Tufte-Style Comparison Chart Generator
By Sal Uryasev
May 6, 2008
Find more about:
tufte
pil
comparison
chart
generator
Last week, we shared a rendition of a Tufte graphic using just a few lines of Nodebox code. As our commenters pointed out, Python is great, but it may not be every business analyst's carnal desire to learn a programming language just to generate some nifty graphs. I spent some time to push Chris's Nodebox rendition into a PIL-based Windows tool that can generate the same sort of comparison graph from an Excel file on the fly.
The result is The Comparison Chart Generator 1.0. The installation instructions are relatively simple. Unzip the zip file, and run comparisionchartgenerator.exe.
Alternatively, we have a new excel chart that creates the same effect using only excel functionality. Download the Excel Tufte Line Chart here.
If you are using the Chart Generator, start with some data in an Excel (xls) or Comma Delimited (csv) format. The data for this graph has to be contained within the first sheet starting with cell A1, as in the following picture.

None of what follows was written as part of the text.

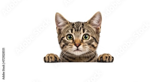 A cute tabby kitten with green eyes peeks over a white ledge, looking directly at the viewer.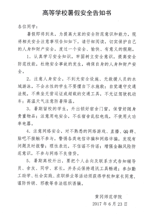 暑假即将来临,为做好暑假前后学生教育与管理工作,让广大师生度过一个“安乐、祥和、健康、安全”的假期,现将有关工作要求及事项通知如下:

Select an input file. There are a couple example files bundled with the download.

After selecting a file, you'll be prompted to modify a few of the basic options available for the chart.

Finally, save the result as a jpeg.

Here is the same image found in Tufte's textbook processed using the Comparison Chart Generator. It is generated using the csv example file bundled with the download.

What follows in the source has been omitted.